Mum was frequently on a diet and was always falling for the lure of so-called wonder products. One day she appeared in the kitchen wearing newly purchased special shorts which required filling with air Michelin man style. The idea was for her then to run around the garden in them. We all howled with laughter at them and needless to say the wonder shorts were returned. I don’t think we ever stopped teasing her about them!

She had a real zest for life and Mum loved her life in the valley – especially if it involved chatting and she was devoted to us and her grandchildren Olivia, Jack and Flora.

 She was in essence a true tiger if an anyone hurt any of us or let us down, but a pussy cat if she liked you. Her smile would light up a room whenever we came in, truly an example of unconditional love and there was nothing she wouldn’t do for us On occasion whether we wanted her to do it or not….

Mum fought so hard to stay alive overcoming cancer, a stroke and a heart attack and absolutely refusing to give in to her more recent difficulties.

The centre of her world, however, was Fred. They were a double act affectionately known as batman and robin by their grandchildren. They were devoted to each other for nearly 64 years. Mum could not cope when dad became increasingly unwell and never recovered from his death, although we were extremely fortunate in her last two months to have had a sort of Indian summer where she was much much better.

We feel that we owe a huge debt to the wonderful staff at Westacre who also loved Mum and looked after her so very well, but she and dad are together again now two halves making the whole,……..God bless them.

She leaves a huge void in our lives and we will miss her terribly.

The Bible reading was Song of Solomon 2:10-13 read by her friend Joy Weston.

10 My beloved speaks and says to me:
“Arise, my love, my fair one,
and come away;
11 for now the winter is past,
the rain is over and gone.
12 The flowers appear on the earth;
the time of singing has come,
and the voice of the turtledove
is heard in our land.
13 The fig tree puts forth its figs,
and the vines are in blossom;
they give forth fragrance.
Arise, my love, my fair one,
and come away.

Revd Alex Pease gave the following address:

“Now Alex!”  Eirlys would say to me; fixing me with her attention, if she wanted to make a point….

She wasn’t actually holding my lapel but if she could have done so (and I had been wearing a jacket) I think she would have done.

A strong personality but kind; but loving.

I think that Eirlys’s life, her personality, her character, teaches us that love isn’t something wishy washy – it has standards, but not boundaries; it has high expectations, good manners, but isn’t just limited to your own kith and kin.

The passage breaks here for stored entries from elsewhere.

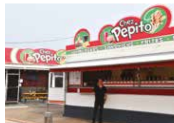
PEPITO Friterie 773, rue de Lille
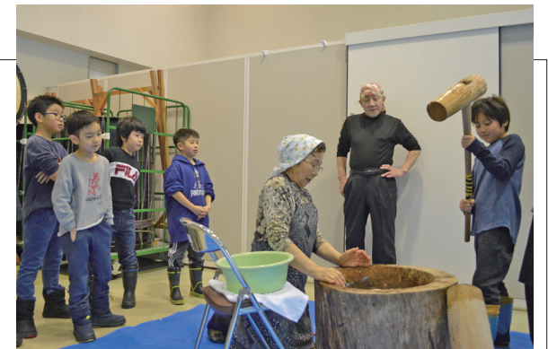
▲一人一人の力で美味しいお餅が出来上がりました

ふるさと総合センターで、年末恒例のもちつき交流会が行われ、約40名の親子が参加しました。子どもたちは「よいしょ」のかけ声に合わせて、楽しみながら餅をつきました。つき上がった餅は、みんなで小さく丸め、雑煮やきなこ、おしるこに調理しました。親子仲良くつきたての餅をほお張り、一足早く正月気分を味わいました。
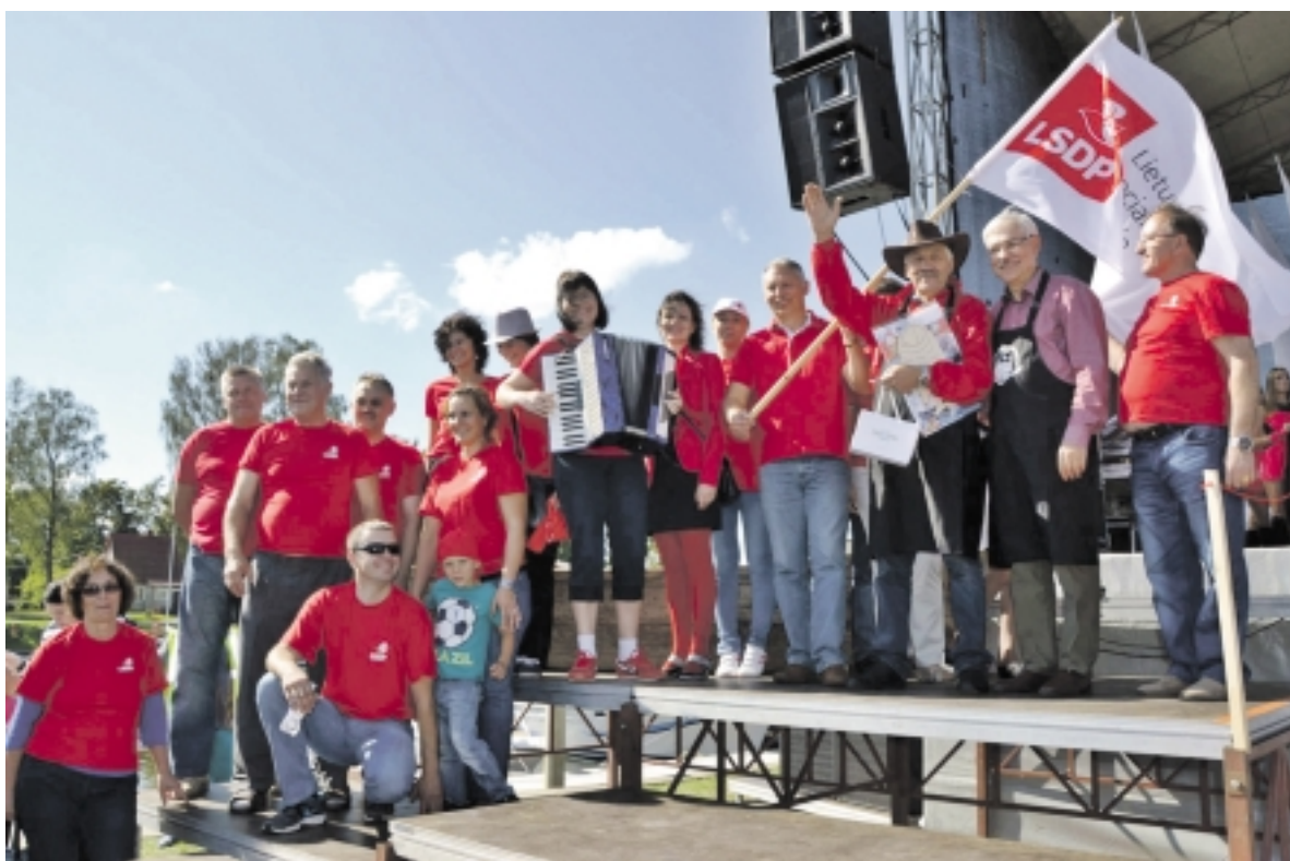
Skaniausios žuvinės II vietos nugalėtojai – Šilutės socialdemokratų partijos komanda.

Because love for Eirlys also meant looking after not only her own children and Fred at Christmas but bringing in a child from a children’s home as well to enjoy the fun of the Haslam household, a home which Sally and Jo remember as always full of fun and young people and the delicious delights of the domestic science that Eirlys spent her life teaching, enjoying the amazing cakes that she would cook and as we have just heard sometimes people would sit upon!

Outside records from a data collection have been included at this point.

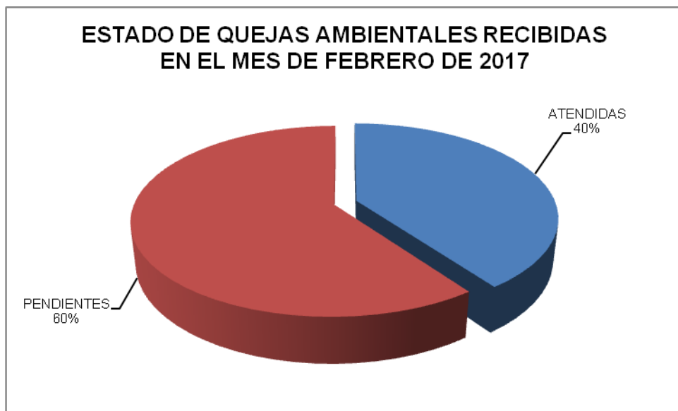
Grafica No. 3

Se observa que del total de quejas ambientales registradas (10), se respondió el 40% de acuerdo con los Cuatro (4) casos que presentan evidencia de su atención; en tal sentido se infiere que para el mes de Febrero de 2017 se encuentran Seis (6) quejas pendientes de la debida atención, lo que corresponde al 60% del total de los casos reportados por la comunidad.
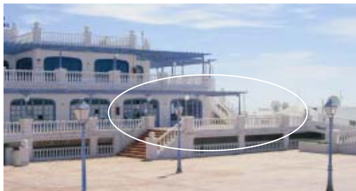
Lokalet ligger i et senter med store uteområder.
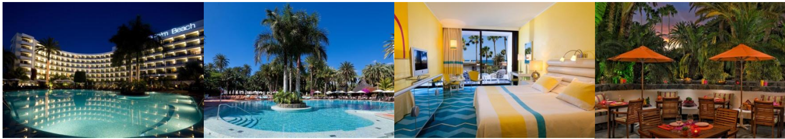
Bilder vom mondänen und unterhaltsamen 5* SEASIDE HOTEL PALM BEACH mit großem Freizeitangebot
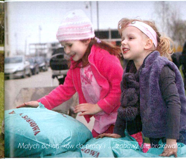
Małych ochotników do pracy i ... zabawy nie brakowało
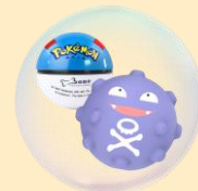
寶可夢PU捏捏球 +公仔筆套(款式隨機)
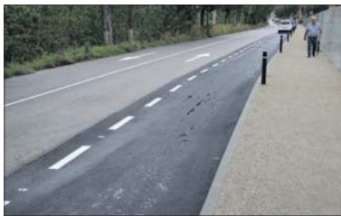
El camino y la zona de aparcamiento.

Las obras empezaron a principios de agosto. El proyecto fue el más votado en los presupuestos participativos de 2021. La complejidad de la actuación, debido a que el terreno pertenece a la Junta de Compensación de Can Xiquet, provocó que las obras no se pudieran llevar a cabo hasta ahora. El nuevo camino,
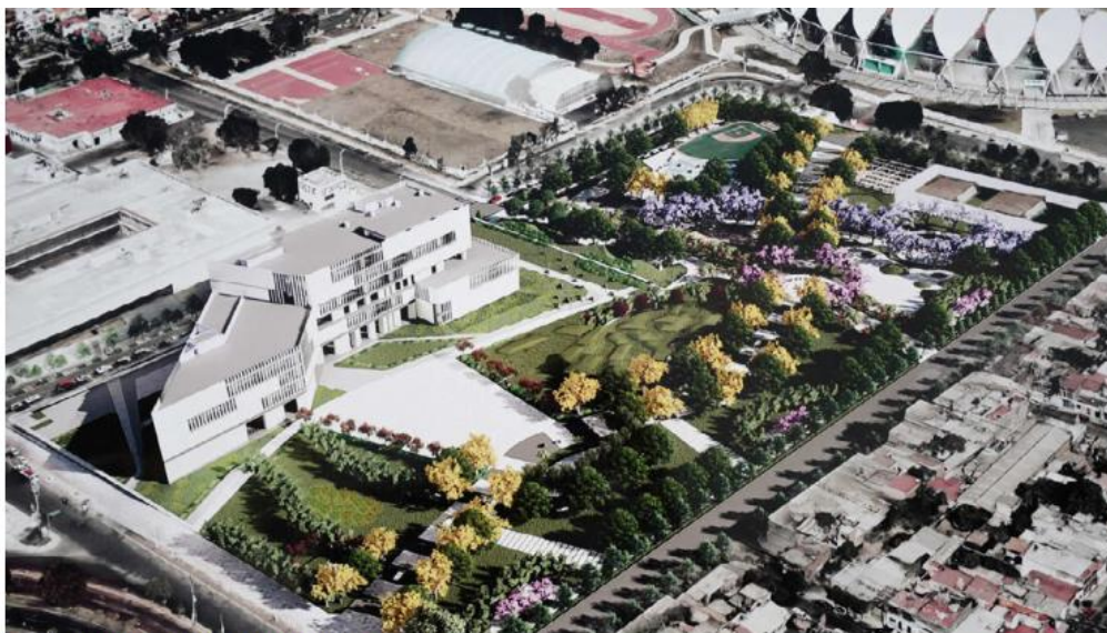
Lo primero que harán es la zona cultural.

An ideal home in which to grow up for Sally and Jo.

But its clear that the passion of her life was Fred and it is so appropriate that we have as the Bible passage a section from the love letter which is Song of Solomon, as one can imagine Fred calling out to Eirlys over the chasm that separates us from those we love who have died, ’come with me!’

When life is tough, as it was for Eirlys, in her final years, as it is for all of us as we get older, it can feel rather like a a period of winter, a period of pain, confusion and fear

But there is a place, as we have just heard, where the winter is past, the rains are over and gone where flowers appear on the earth and the season of singing has come and the cooing of doves; where the fig trees form their fruit and the blossoming vines spread their fragrance; where everything is as it should be, as Eirlys would expect it to be; where the sort of kindness and love which Eirlys demonstrated in her life is the basic currency and common language.

But how do we reach that place? 

How can we be sure to find it across that vast divide that terrifying chasm that is death.

How can we know the Way? 

It was the same question that St Thomas asked Jesus when he spoke about leaving his disciples in John 14.  Jesus said ‘You know the way to the place where I am going’.  Thomas said ‘How can we know the Way?’ 

Jesus simply replied ‘I am the Way, the truth and the life, no-one comes to the Father except through me’.

The way that Jesus is, is the path to that place of beauty and joy where everything is as it should be, which we can only really know, if we know him.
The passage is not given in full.